No NYT, o desafio é deixar para trás a mentalidade do papel. Parece primário, mas a lógica que impera no jornal é, segundo o Digiday, pensar no usuário (user-first) e no mobile (mobile-first). A evolução do app NYT Now é o exemplo dessa mudança de pensamento. No começo ele simplesmente transferia para o mobile as versões publicadas em formato artigo. Agora, ele oferece mais interação, matérias resumidas, manchetes adaptadas e bullets para facilitar a leitura em telas pequenas.

Já no Vox, o conceito de produto foi ampliado. Ao invés de tratar apenas o que o usuário consome, como um artigo, um vídeo, um gráfico, eles incluem na definição, por exemplo, a performance dos servidores (responsáveis pelo carregamento do site) e das equipes de dados e analytics, responsáveis por fornecer informações para marcas que usam o CMS da empresa e insights para a equipe editorial.

Falando em produto, outra notícia fundamental da semana foi a carta do diretor do El País à redação. Nela, Antonio Caño fala sobre os desafios enfrentados por uma empresa jornalística atualmente (muitos deles citados pela Emily Bell) e o que o jornal espanhol faz para enfrentá-los. Vale a pena ler, pois são vários os aspectos. Escolhi um trecho em que ele fala das mudanças pela qual vai passar a estrutura física redação, agora um espaço multidisciplinar onde equipes trabalharão a informação para que ela circule em diversos canais diferentes.

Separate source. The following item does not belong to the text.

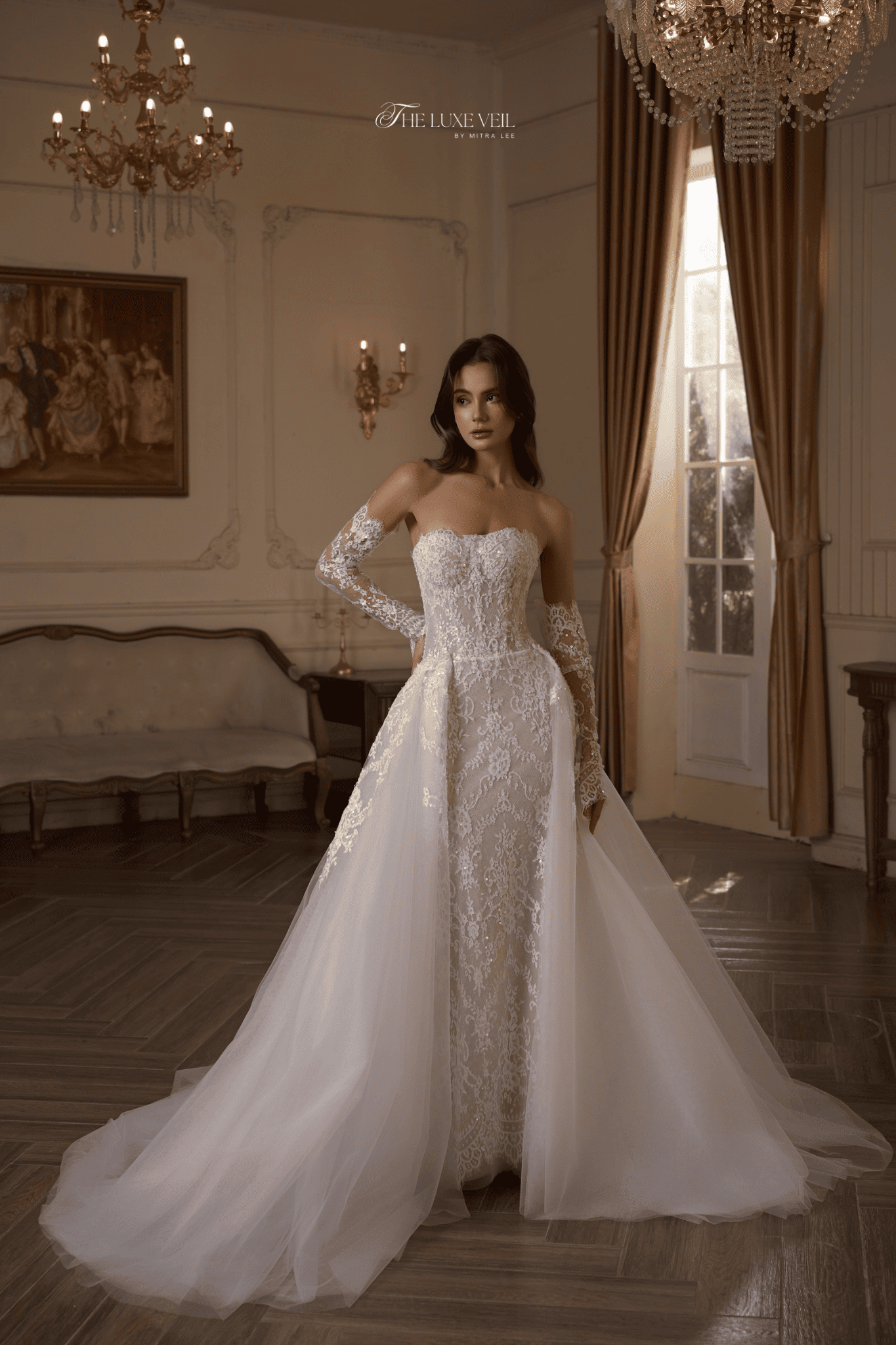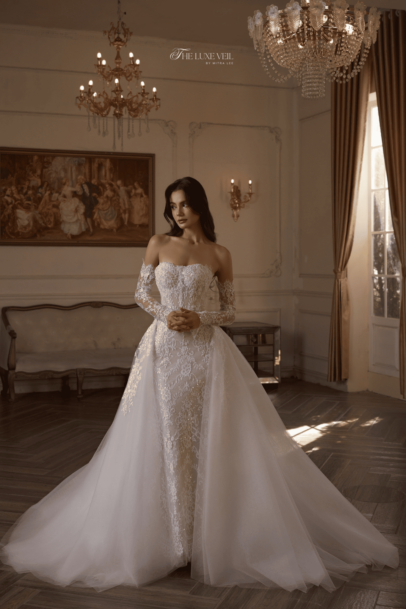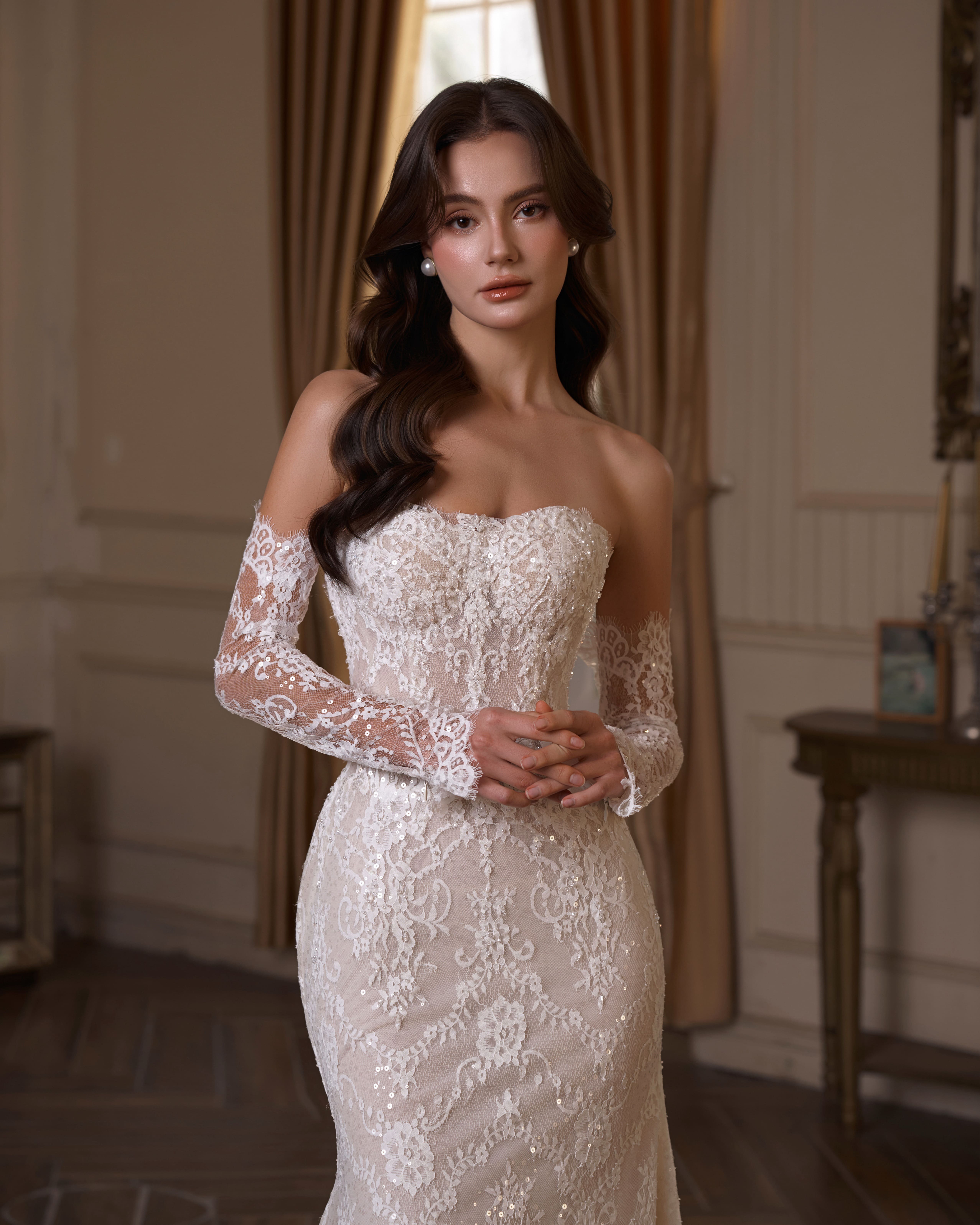Roselyn feels like a love story written in lace. Soft florals trace the gown with quiet romance, wrapping the silhouette in delicacy and warmth, as if every stitch was made with intention. The corseted bodice shapes the waist gently, while sheer lace sleeves soften the look with a vintage tenderness. Subtle shimmer catches the light as she moves, creating a glow that feels intimate, graceful, and effortlessly feminine. With a flowing overskirt trailing behind, Roselyn transforms — romantic yet confident, refined yet deeply emotional Roselyn is for the bride who believes in love that grows slowly and lasts forever. She doesn’t rush the moment. She lets it bloom.

“Será uma redação sem escritórios, aberta à colaboração e à troca de ideias, na qual as equipes se misturarão para construir novas histórias. A partir de agora, no coração da planta principal será instalado um moderno espaço aberto dedicado à criação e à coordenação de informações e sua distribuição nos diferentes canais. O centro dessa redação contará com uma moderna ponte de comando, na qual haverá perfis jornalísticos, de desenvolvimento tecnológico, de edição gráfica e de vídeo, de design, de produção, de medição de audiência, de redes sociais, de SEO [otimização de sites] e de controle de qualidade. A partir dali serão criadas novas narrativas e novas formas de comunicação que continuarão a manter este jornal na vanguarda do jornalismo global.”

Enquanto isso, no Reino Unido, um novo jornal impresso é lançado. Tá certo.

Indo pro fim, deem uma olhada nesta matéria da CJR sobre um sujeito que criou um app para que jornalistas cidadãos vendam materiais para veículos de um jeito fácil e rápido. O usuário do Verifeye Media Pro Camera que testemunhar algo pode subir conteúdos a partir do seu próprio telefone (por enquanto, o app só está disponível para iPhone) e em instantes ter seu material comprado por alguma empresa jornalística. O conteúdo precisa ser aprovado por um editor, mas grande parte da verificação é feita automaticamente a partir de dados do próprio dispositivo do usuário e dos metadados do arquivo enviado. Uma pequena revolução na verificação digital e na distribuição de conteúdo gerado por usuários.

Pra finalizar, um bom lugar para ler análises jornalísticas feitas por gente interessante sobre os últimos acontecimentos políticos da república.

Bueno, era isso então. Vou ali ver o Masters 1000 de Indian Wells.